In the notebook, the randomly initialized model’s loss is later compared to the trained model’s loss to show that the loss has decreased, however, it’s not a true apples to apples comparison since during training the xb and yb variables have been modified and now the loss is being computed on a much smaller batch of 16 instead of the original 64. The loss does decrease when compared to the original batch but not as much as it appears unless I’m doing something wrong.
Perhaps a method needs to be added to always get the same original batch when comparing the trained loss.
I’m probably reading it too literally when you say “Let’s check the loss and compare to what we got earlier.” I read that to mean that the loss should be computed on the “exact” same batch of xb, yb for comparison purposes.
I had mentioned about 2 months ago about possibly adding accuracy into this notebook when it was in its earliest stages. I still think it would help the reader to see the accuracy as well as the loss to see how that improves as the loss improves and to understand how the predictions correlate to the target values. It seems like that discussion is somewhat missing from the notebook. Others may not agree. Anyway, I’ve gone ahead and submitted a PR with a sample of what I’m thinking.
PyTorch will even create fast GPU or vectorized CPU code for your function automatically.
This left me wondering how this magic works. Is there a reference for further reading we could add here?
Section Switch to CNN
For people unfamiliar with torch.Tensor.view and Conv2d, would it be helpful to explain the basic mechanics of how the data flows here? E.g. The input channel of size 1 in the first Conv2d layer is created by reshaping the data using xb.view(-1,1,28,28) into image data of size 28x28 with 1 color channel
If you’re lucky enough to have access to a CUDA-capable CPU
I like the first notebook, I think it is a good starting point and demystify the high level fastai library. I think this will make people have a general idea of PyTorch and when they read code outside of fastai community, they will understand code in a more “raw” PyTorch code.
Just notice fastai_v1\doc\fastai_full.svg, is it generated by some library?

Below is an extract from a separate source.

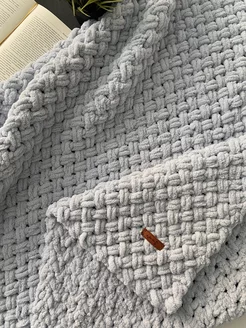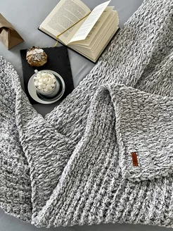 Плед вязаный Премиум 110*180 см белый меланж, 1спальный
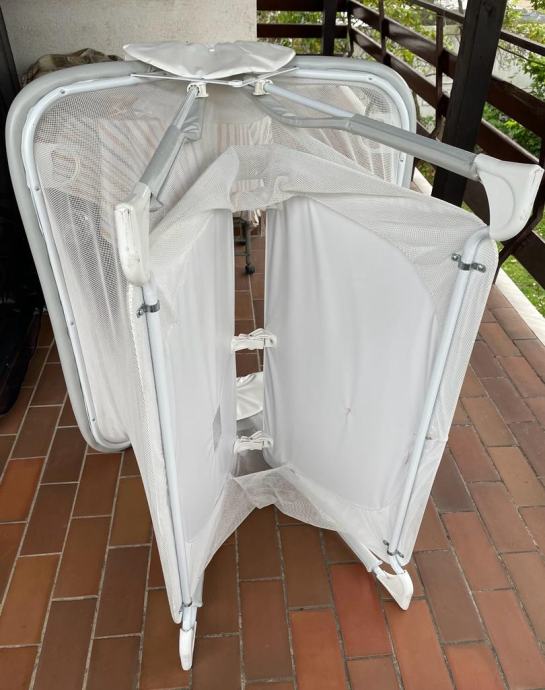 Prodajemo rijetko rabljen rasklopivi dječji krevetić / vrtić, za koji je preporučena dob od rođenja do 3 godine starosti, odnosno do 15 kg opterećenja koje može podnijeti budući da na samom proizvodu tako piše. Vrlo siguran i ugodan vrtić za bebu i posebno jednostavan za rasklapanje i sklanjanje roditeljima. Versatilan, jer je također jednostavan za održavanje/ čišćenje; Kompletno periv, može se postaviti i van, kao npr. na balkon.

I would like to make a small PR to start with, but I stuck in the tools/build part, I am using Window 10, it seems like the path is not correctly joined. I have tried following the steps in contribute.md, would love any help here, thank you!
(I think in line 16 for tools/build.py, the file should be a relative path but it return absolute path instead and causing the error, not sure if it is Window specific?..) for file in sorted(path.glob('0*ipynb')):
I am able to fix the path by changing it by either
for file in sorted(glob.glob('0*ipynb')): # Not sure is it a difference between pathlib.Path.glob and glob.glob
set path = Path(.)
Note that I am running tools/build from the fastai_v1 directory with git Bash
@nok do you mind asking 2) and 3) over in #fastai-dev and also tagging @stas (who wrote the tools/build thing). You’ll also find a thread there discussing that tool (which is entirely optional for getting started BTW).
One thing I’ve been wondering about this notebook and in subsequent notebooks is that since the log_softmax is removed from the neural network and replaced by the use of F.cross_entropy in the loss function, should it be mentioned somewhere either in this notebook or some subsequent notebook that if the prediction percentages were desired in order to see how confident the prediction was, the outputs would need to be run through the softmax function. Something like the code below for this notebook. I haven’t seen this discussed so far in the notebooks I’ve gone through but I haven’t gone through all of them so perhaps this is discussed in a later one. Or perhaps I’ve not got any of this correct and am misunderstanding. Thanks for any clarification.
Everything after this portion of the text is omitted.